December 18, 2008 8:02 PM | Reply | Permalink
I think it could have been a worse decision for Franken and it isn't a total loss, but the idea of involving the candidates in setting standards for acceptance of the wrongly rejected absentee ballots is bad public policy. It's not even clear from the opinion that the candidates themselves have to adhere to the same standards in each county, which could open up a Pandora's box of opportunism for one or the other or both.

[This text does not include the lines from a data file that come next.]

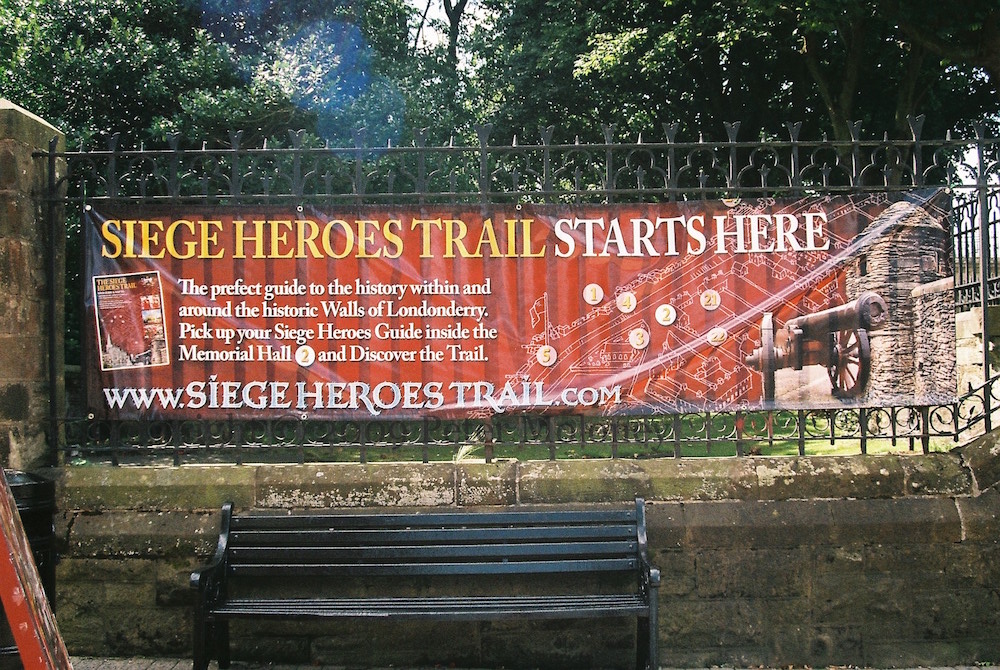 “Siege heroes trail starts here [i.e. the junction of Palace and Society streets]. The perfect guide to the history within and around the historic Walls of Londonderry. Pick up your Siege Heroes Guide inside the Memorial Hall and Discover the Trail. http://www.siegeheroestrail.com”
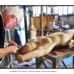 Le immagini di Elio Aricò raccontano non solo l’opera compiuta, ma anche il processo creativo: Fiabane colto nel gesto lento e concentrato dell’incisione, mentre definisce i volumi, leviga, approfondisce le ombre. È uno sguardo intimo dentro il laboratorio dell’artista, dove la scultura prende forma attraverso il rapporto fisico con il legno.
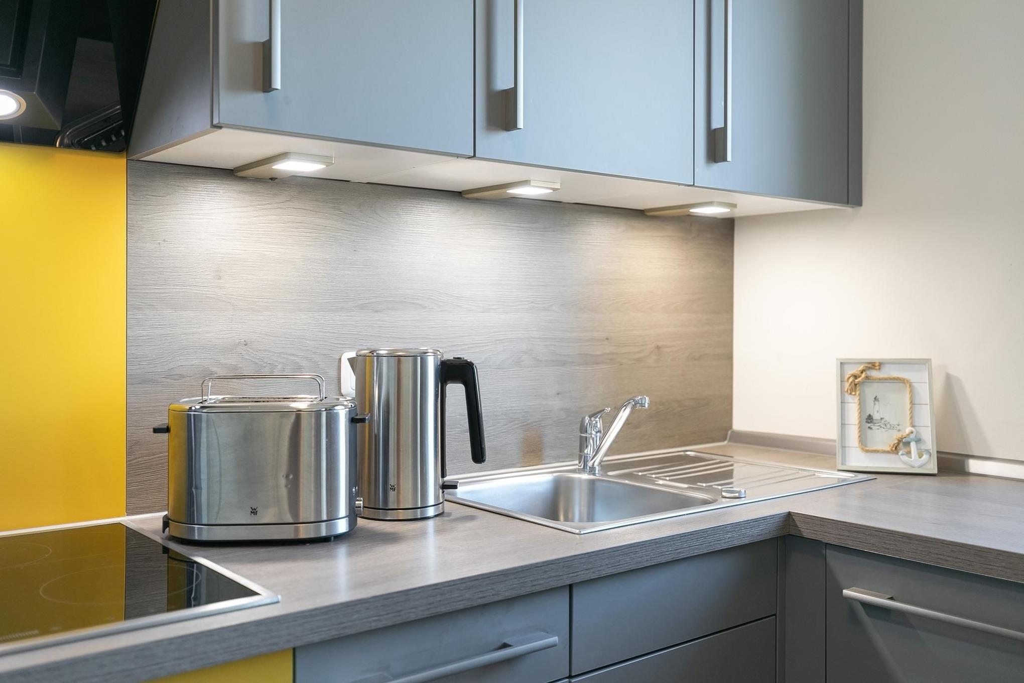 Die elegante Küche lässt mit diversen Annehmlichkeiten wie einem Backofen, Induktionskochfeld, einer Senseo-Padmaschine , Mikrowelle und Spülmaschine kaum Wünsche offen. Abgehend vom Wohnbereich liegt ein weiteres Schlafzimmer, ebenfalls mit bequemen Boxspringbett (180x200cm), Flachbildfernseher und Kleiderschrank ausgestattet und zudem sogar mit eigenem Balkon mit Südwestausrichtung, so dass Sie die Abendsonne genießen können. Purer Luxus!
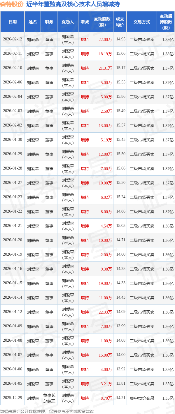 森特股份:2月12日高管刘爱森增持股份合计22万股

To me, it is an unworkable, impractical decision (not to mention wrong. It seems to me, as others have pointed out, the only way to address the equal protection argument would have been to order that all counties be required to count fifth pile votes, and either the court should have set out uniform standards or delegated that task to the Canvassing Board (probably the latter). Not necessarily what Franken asked for, but the right and fair one. That's even kind of what Norm's fallback position was if the improperly rejected absentee ballots were adjudged to properly be included in the recount prior to certification, and it's not such an unreasonable position on its face. You can't just have counties like Ramsey (St. Paul) saying we don't feel like counting, while others submit their previously improperly rejected ballots, and set up incomplete "fifth pile" returns across the state. Kinda analagous to the flaw in Gore's 2000 Florida argument, but that's a whole 'nother story...

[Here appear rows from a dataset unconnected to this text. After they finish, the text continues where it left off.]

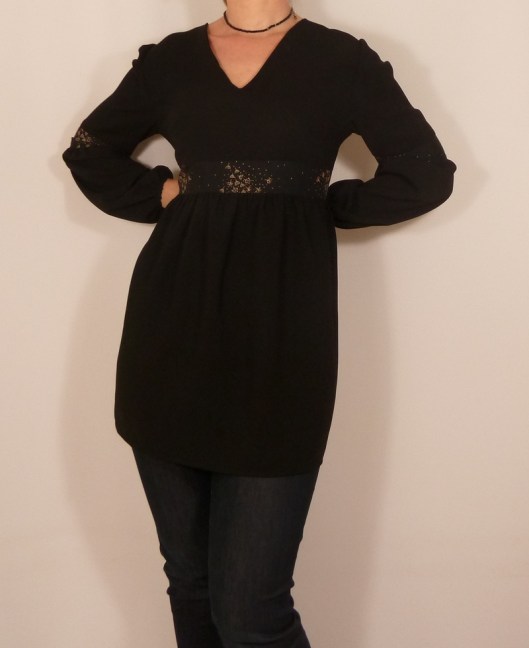 J’ai vais donc la porter un peu, pour voir… Peut-être que cette sensation de flotter dans cette tunique informe disparaitra avec le temps… Sachez qu’il est tout de même fort probable que j’insère un lien à nouer pour resserrer cette tunique, façon taille empire…
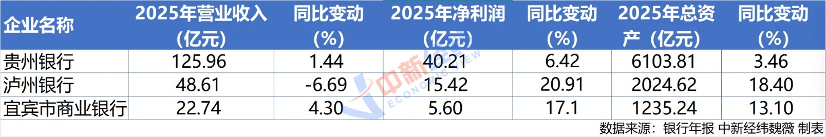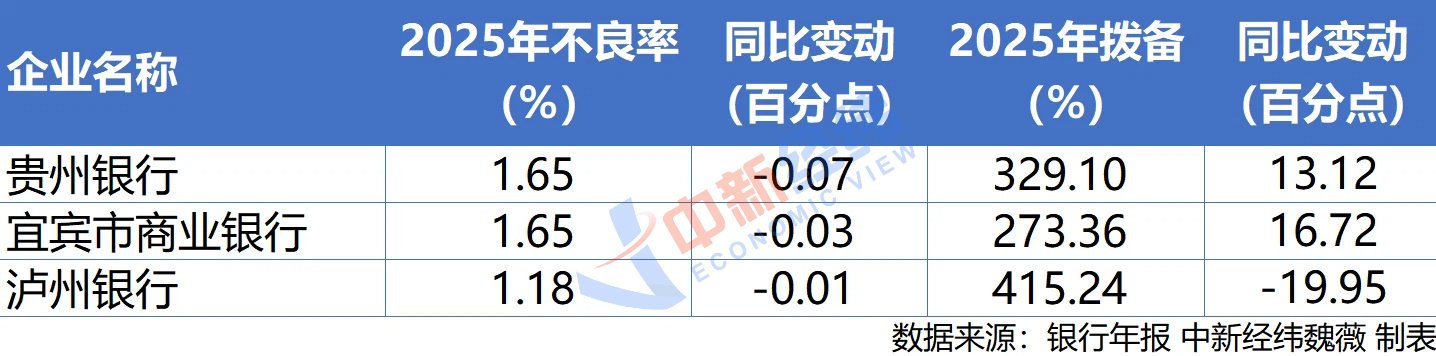 从资产质量来看,截至2025年末,贵州银行、宜宾银行、泸州银行的不良贷款率分别为1.65%、1.65%和1.18%,均较上年末有所下降。
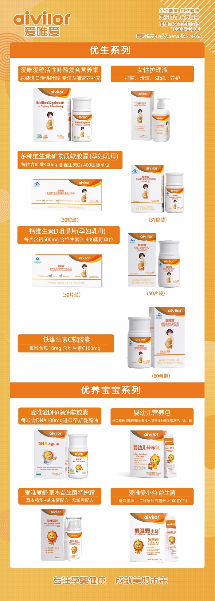 愛唯愛:孕婦乳母優(yōu)生系列活性葉酸,礦物質(zhì)軟膠囊,鈣咀嚼片,鐵維C軟膠囊等特殊膳食食品招商

The irony here is that most likely after tomorrow, Coleman will be down 200+ votes, and he will want to find as many ballots to include as possible. He is most likely done assuming his "duplicate ballot" argument fails to find any traction. So, given the (short-handed) Supreme Court's Mickey Mouse decision, all the incentive will be with Franken to play the obstructionist and refuse to agree to allow wrongly rejected ballots to be counted, especially in red rural counties. I don't buy the Rule 11 sanctions argument, and as Justice Page pointed out, clients are not necessarily subject to Rule 11 sanctions anyway, so there is nothing stopping either candidate from taking liberties.
Like mama said, be careful what you wish for...
December 18, 2008 8:10 PM | Reply | Permalink
It seems that there is a lot of wriggle room in the vague threat of sanctions by the Minnesota Supremes. Can you prove "bad faith"? Just what exactly can they do to him if he does act in "bad faith." If Coleman sees that his ship is sinking (like it is now), il va tenter son va-tout. N'en doutez pas.
December 18, 2008 8:31 PM | Reply | Permalink
Qui plus est, what if some of the counties acting in tacit accord with the perceived wishes of the Coleman camp decide that they want to play merry hob with this? The recount is tainted and Norm can't be accused of "bad faith". Might not matter with the way things are going right now, but ...
December 18, 2008 8:44 PM | Reply | Permalink
A flip side is that since counties originally had responsibility for deciding which ballots to reject, on their own (within state law), they should take responsibility now to correct their own errors, errors as determined by their own reviews already (mostly) done in accordance with the Board's directive/request.